_YOUR ASSIGNMENT_. Without copying any picture, transcribe exactly the lines of the data below from the one containing "圖3? 2020年光纖用高純" through the one containing "Студенты Алексинский химико-технологический".

_SUPPLIED MATERIAL_.
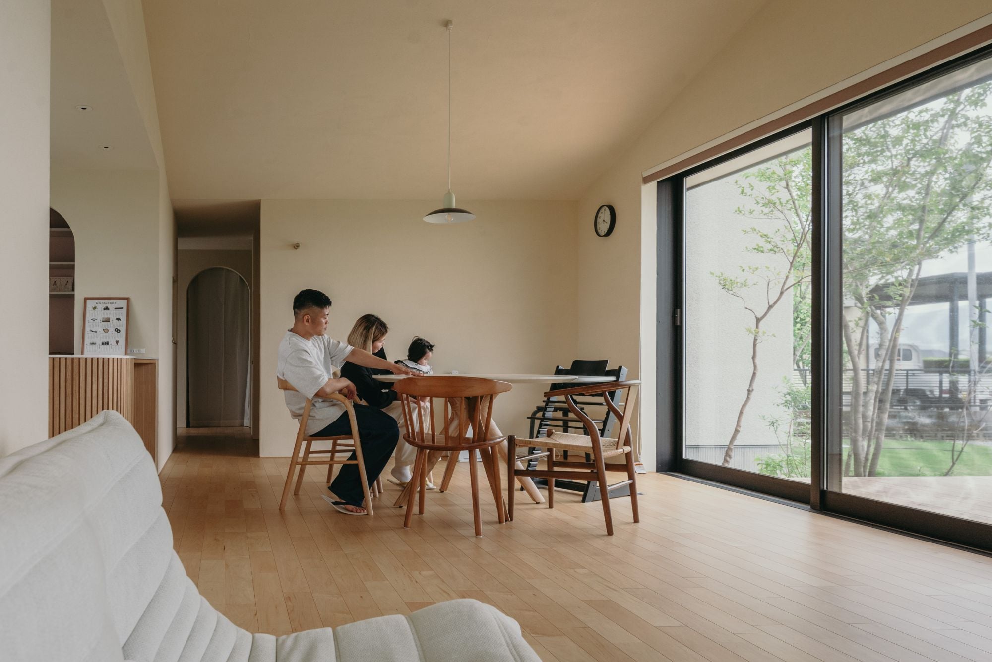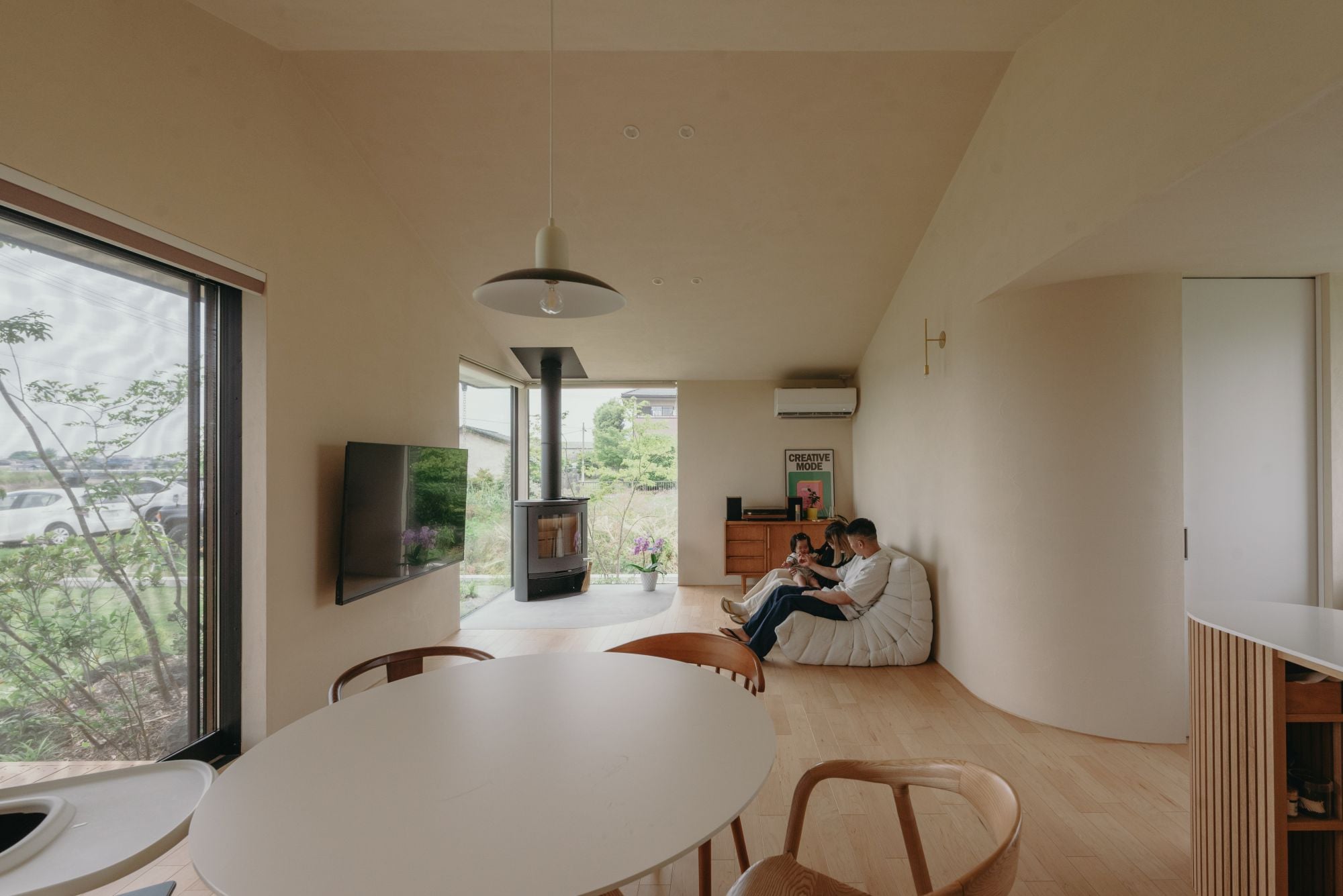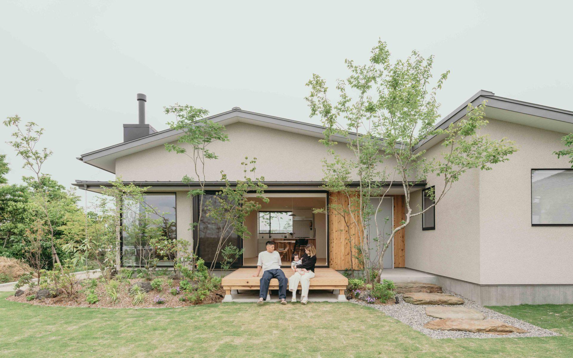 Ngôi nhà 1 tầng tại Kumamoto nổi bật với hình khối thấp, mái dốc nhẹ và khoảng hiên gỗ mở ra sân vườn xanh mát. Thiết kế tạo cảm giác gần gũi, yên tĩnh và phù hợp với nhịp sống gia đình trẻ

---

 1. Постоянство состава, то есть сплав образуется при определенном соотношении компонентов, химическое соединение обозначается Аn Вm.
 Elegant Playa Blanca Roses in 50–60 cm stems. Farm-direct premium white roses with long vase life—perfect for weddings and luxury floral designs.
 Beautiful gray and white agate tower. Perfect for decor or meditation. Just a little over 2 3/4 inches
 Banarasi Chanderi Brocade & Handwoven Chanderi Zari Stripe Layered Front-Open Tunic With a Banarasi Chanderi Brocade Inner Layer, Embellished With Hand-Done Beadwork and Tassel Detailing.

==

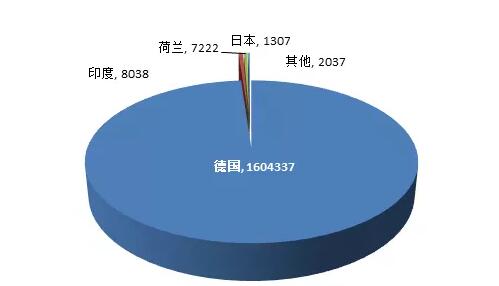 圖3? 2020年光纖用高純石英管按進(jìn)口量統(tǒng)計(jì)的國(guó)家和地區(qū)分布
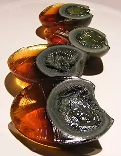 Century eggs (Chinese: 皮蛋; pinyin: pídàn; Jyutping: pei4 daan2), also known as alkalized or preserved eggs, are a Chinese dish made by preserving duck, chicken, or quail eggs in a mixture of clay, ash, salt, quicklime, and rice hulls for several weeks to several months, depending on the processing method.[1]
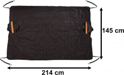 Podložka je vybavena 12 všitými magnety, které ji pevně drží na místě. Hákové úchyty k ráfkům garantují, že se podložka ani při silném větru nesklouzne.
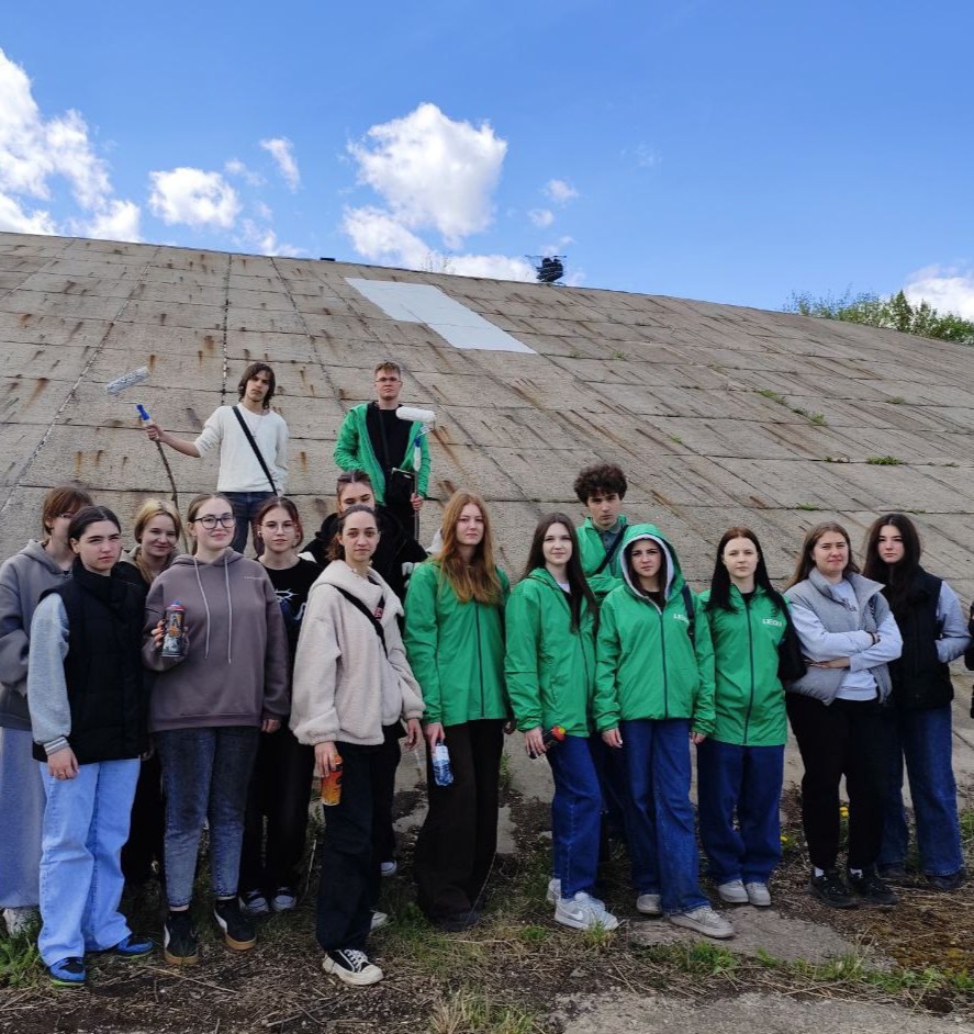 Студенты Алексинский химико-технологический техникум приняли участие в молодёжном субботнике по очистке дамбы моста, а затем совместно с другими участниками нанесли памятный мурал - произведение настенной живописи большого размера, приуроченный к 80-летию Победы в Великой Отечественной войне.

_TASK ANSWER_.
 圖3? 2020年光纖用高純石英管按進(jìn)口量統(tǒng)計(jì)的國(guó)家和地區(qū)分布
 Century eggs (Chinese: 皮蛋; pinyin: pídàn; Jyutping: pei4 daan2), also known as alkalized or preserved eggs, are a Chinese dish made by preserving duck, chicken, or quail eggs in a mixture of clay, ash, salt, quicklime, and rice hulls for several weeks to several months, depending on the processing method.[1]
 Podložka je vybavena 12 všitými magnety, které ji pevně drží na místě. Hákové úchyty k ráfkům garantují, že se podložka ani při silném větru nesklouzne.
 Студенты Алексинский химико-технологический техникум приняли участие в молодёжном субботнике по очистке дамбы моста, а затем совместно с другими участниками нанесли памятный мурал - произведение настенной живописи большого размера, приуроченный к 80-летию Победы в Великой Отечественной войне.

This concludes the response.